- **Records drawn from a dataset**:

════════════════

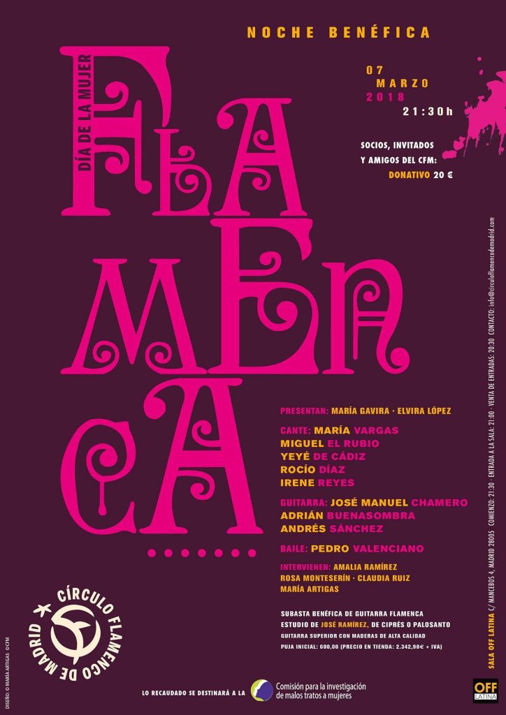 El Círculo Flamenco de Madrid organiza un festival benéfico, con motivo del Día de la mujer trabajadora, si bien lo celebra un día antes, el 7 de marzo, con María Vargas como cabeza de cartel. La cita es a las 21.30 horas.
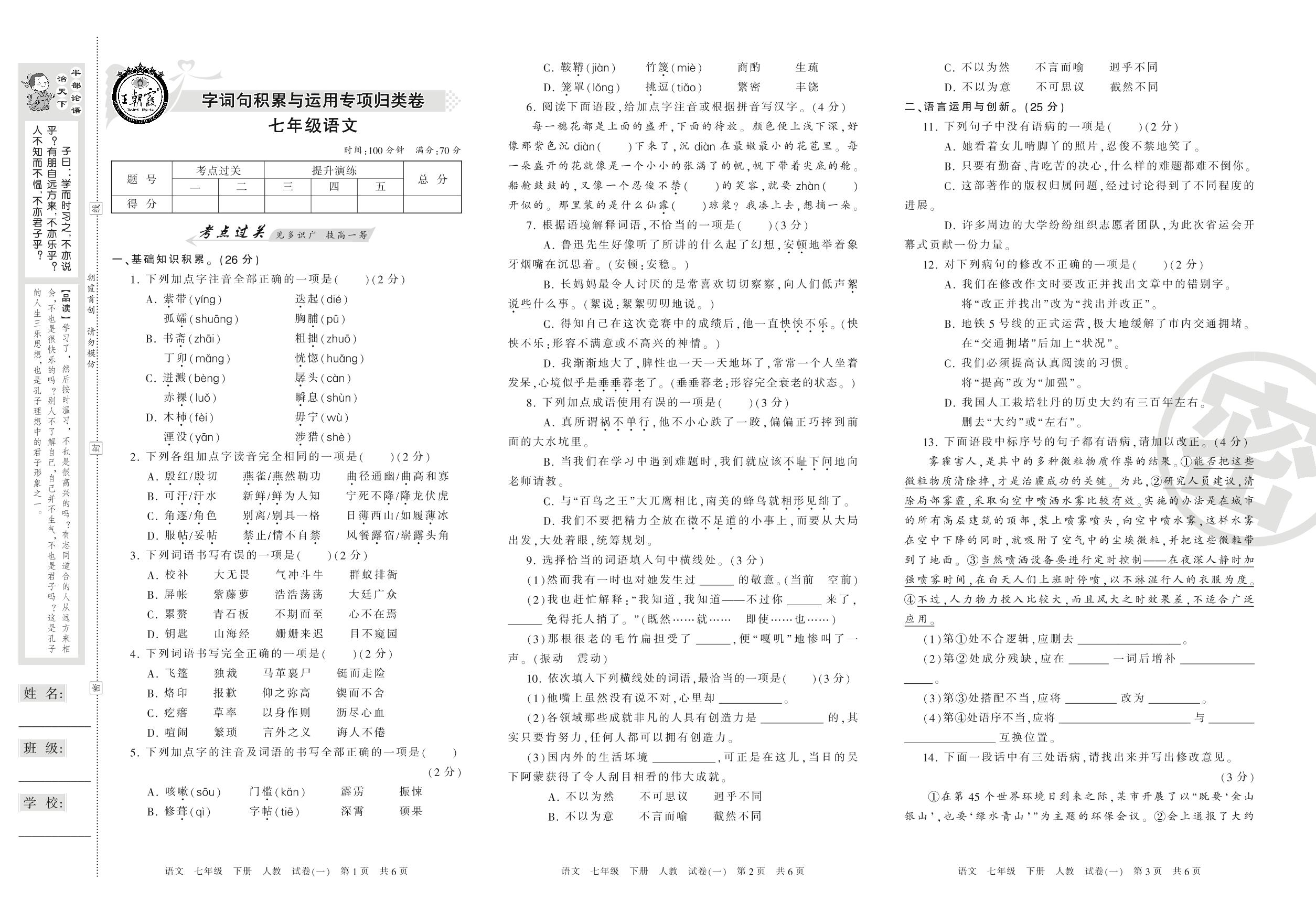 王朝霞期末专项卷七年级下册语文(人教版)_R210802135338【1】
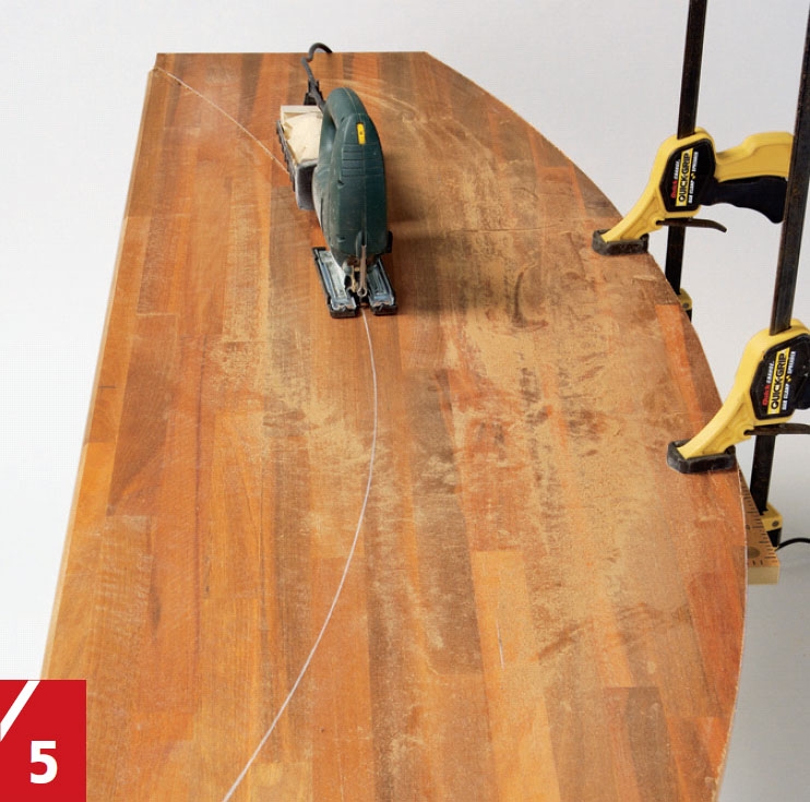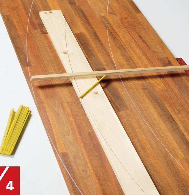 Bueformen på bardisken lager du ved hjelp av en hjemmelaget «passer». Legg plata som skal bli bardisk vinkelrett mot for eksempel ei sponplate, og pass på at den stikker like mye ut på begge sider. Sag til ei list slik at den blir 220 cm, og fest den med en spiker 200 cm fra fram-kanten. Dra så den første buen som tangerer framkanten. Neste bue skal skjære den bakre kanten 5 cm fra de begge indre hjørnene.
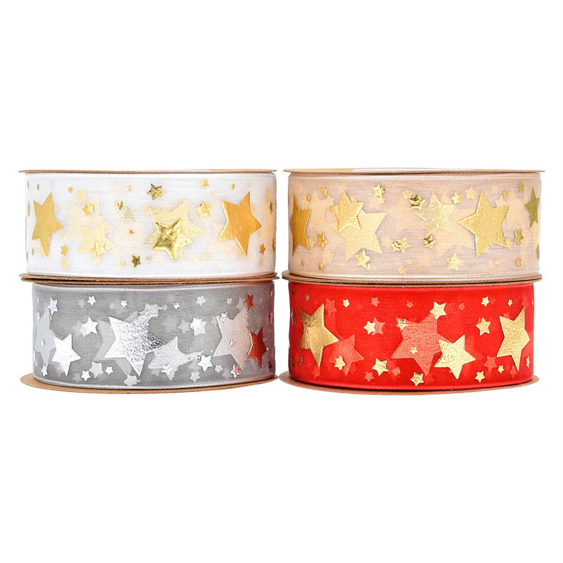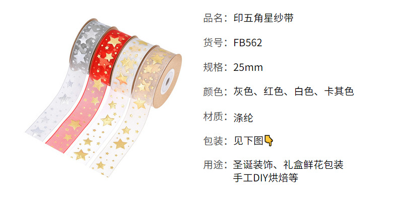 Transfronterizo pentagonal clara cinta blanca regalo de Navidad embalaje de pastel correa espuma correa de estampado 10 yardas
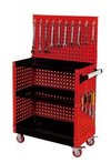 A red toolbox with black handles and a black lid is open, revealing multiple compartments with red and black pegboards. The pegboards have various tools hanging on them, including screwdrivers, wrenches, and pliers. The toolbox has wheels on the bottom, allowing it to be easily moved. | Tool Box Trolley | ef334c0872bcc36222feb2f266f9f2f8b2cf6483fb712a50d33fb4bad2359e23 | 000000024646 | 0 | 0 | 46 | 3 | 0 | 0 | |
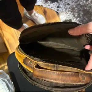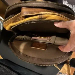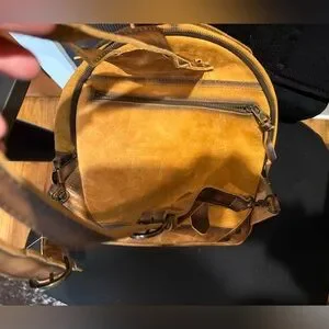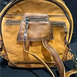 Aztec/leather backpack with tan leather trim. Features a vibrant teal and cream woven design. Perfect for everyday use. Measurements 12x13x3

════════════════

- **Task goal**: Each line of the data should be printed again exactly. Please leave pictures out.

- **Your response**:
 El Círculo Flamenco de Madrid organiza un festival benéfico, con motivo del Día de la mujer trabajadora, si bien lo celebra un día antes, el 7 de marzo, con María Vargas como cabeza de cartel. La cita es a las 21.30 horas.
 王朝霞期末专项卷七年级下册语文(人教版)_R210802135338【1】
 Bueformen på bardisken lager du ved hjelp av en hjemmelaget «passer». Legg plata som skal bli bardisk vinkelrett mot for eksempel ei sponplate, og pass på at den stikker like mye ut på begge sider. Sag til ei list slik at den blir 220 cm, og fest den med en spiker 200 cm fra fram-kanten. Dra så den første buen som tangerer framkanten. Neste bue skal skjære den bakre kanten 5 cm fra de begge indre hjørnene.
 Transfronterizo pentagonal clara cinta blanca regalo de Navidad embalaje de pastel correa espuma correa de estampado 10 yardas
 A red toolbox with black handles and a black lid is open, revealing multiple compartments with red and black pegboards. The pegboards have various tools hanging on them, including screwdrivers, wrenches, and pliers. The toolbox has wheels on the bottom, allowing it to be easily moved. | Tool Box Trolley | ef334c0872bcc36222feb2f266f9f2f8b2cf6483fb712a50d33fb4bad2359e23 | 000000024646 | 0 | 0 | 46 | 3 | 0 | 0 | |
 Aztec/leather backpack with tan leather trim. Features a vibrant teal and cream woven design. Perfect for everyday use. Measurements 12x13x3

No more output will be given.